そして、真っ白な封筒に迷う事無く『退職願』という文字を書き込んだ。
すると、なぜだろう…
急にペンを持つ手が震え出し、言いようのない寂しさに襲われたんだ。
ピンク・マーベルに入社して8年。その間の出来事がまるで走馬灯のように頭の中に浮かんでは消え懐かしい思い出の数々に胸がジン…と熱くなる。
ピンク・マーベルは、私の全てだった。
仁と出会い、仁と共に過ごした大切な場所。
それに会社を辞めれば、社宅であるこのマンションも出なきゃいけない。
仁に抱かれ、愛された思い出が詰まったこの部屋を…
気付けば、頬を伝い落ちた熱い雫が白い封筒の上でポタリ…ポタリ…と音をたて、文字を滲ませていた。

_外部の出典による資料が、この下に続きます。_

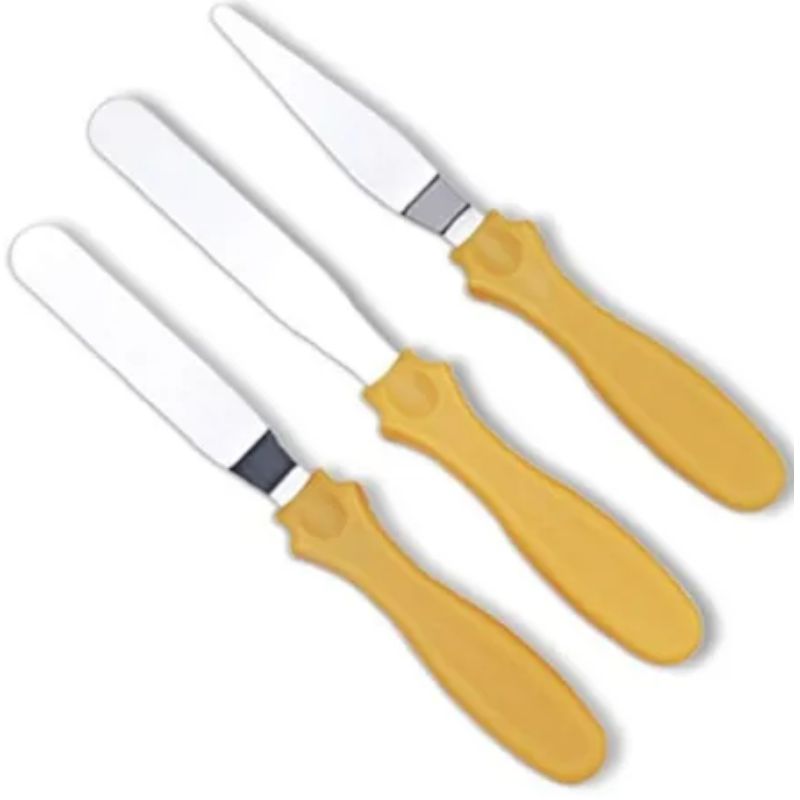 Espátulas Bolo Confeiteiro 3 peças, ideal para decoração de bolos, cremes, glacês, pastas, uniformizar recheios, cobrir de forma lisa ou rústica,
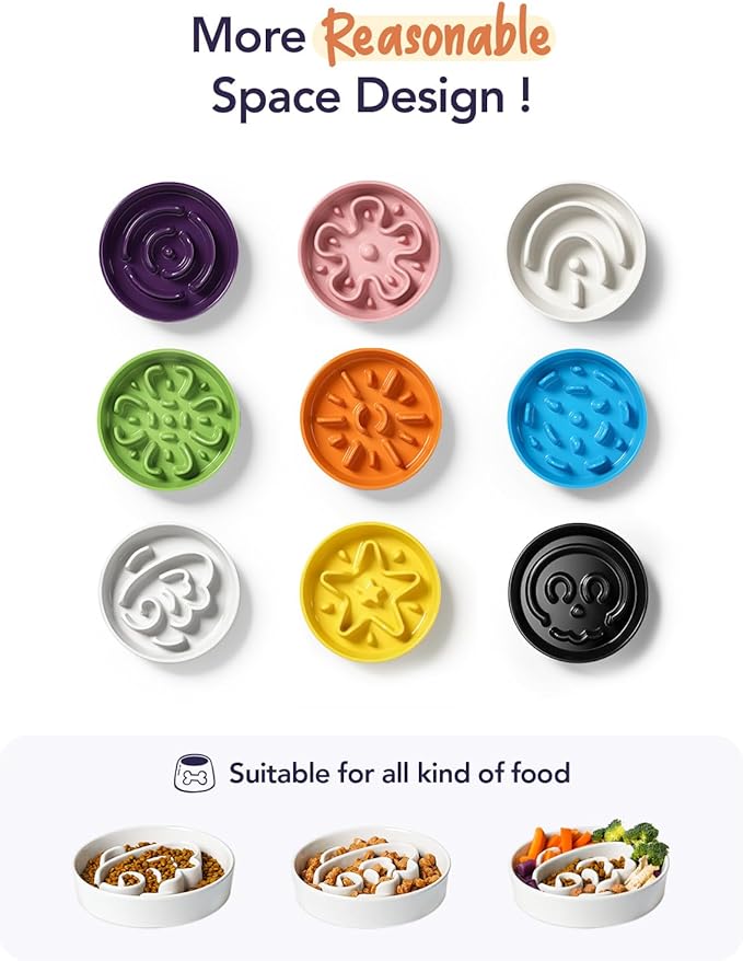 - Premium Ceramic, Durable and Stable: We use premium ceramic, not easy to damage, and it is sturdy and heavy enough to be more stable. However, if your dog is using a slow feeder bowl for the first time, we recommend starting with a silicone bowl to help them get used to it.

「しっかりしろ!!星良!!もう決めた事じゃない!!」
濡れた頬を両手で叩き、再びペンを手に持つと退職願を一気に書き上げた。
「はぁーっ…」
ソファーにもたれ掛り天井を見上げながら大きく息を吐くと、そっと眼を閉じる。
辛くないと言えば嘘になる。けど、これでいいんだ。
仁の為にも、私の為にも。
ショーが終わったら、仁にコレを渡そう。
そして、最高の笑顔で"さらなら"を言うんだ。
仁の新しい門出に涙は似合わないもの。
最後は笑って別れたい。
あなたが愛してくれた"愛しい涙"は封印するね。
そうすれば、仁の記憶に残る私は、ずっと笑っているはずだから…
それが今の私に出来る精一杯の仁へのはなむけ。
どうか、心の片隅でいいら私の笑顔を残しておいて下さい。
そして、たまに島津星良という女が居たという事を思い出して欲しい。
あなたを愛した泣き虫な女は、あなたの思い出と共に、この涙を大切に、大切に心の中にしまっておくから…
一生の宝物として…
有難う…仁…
そして、さようなら…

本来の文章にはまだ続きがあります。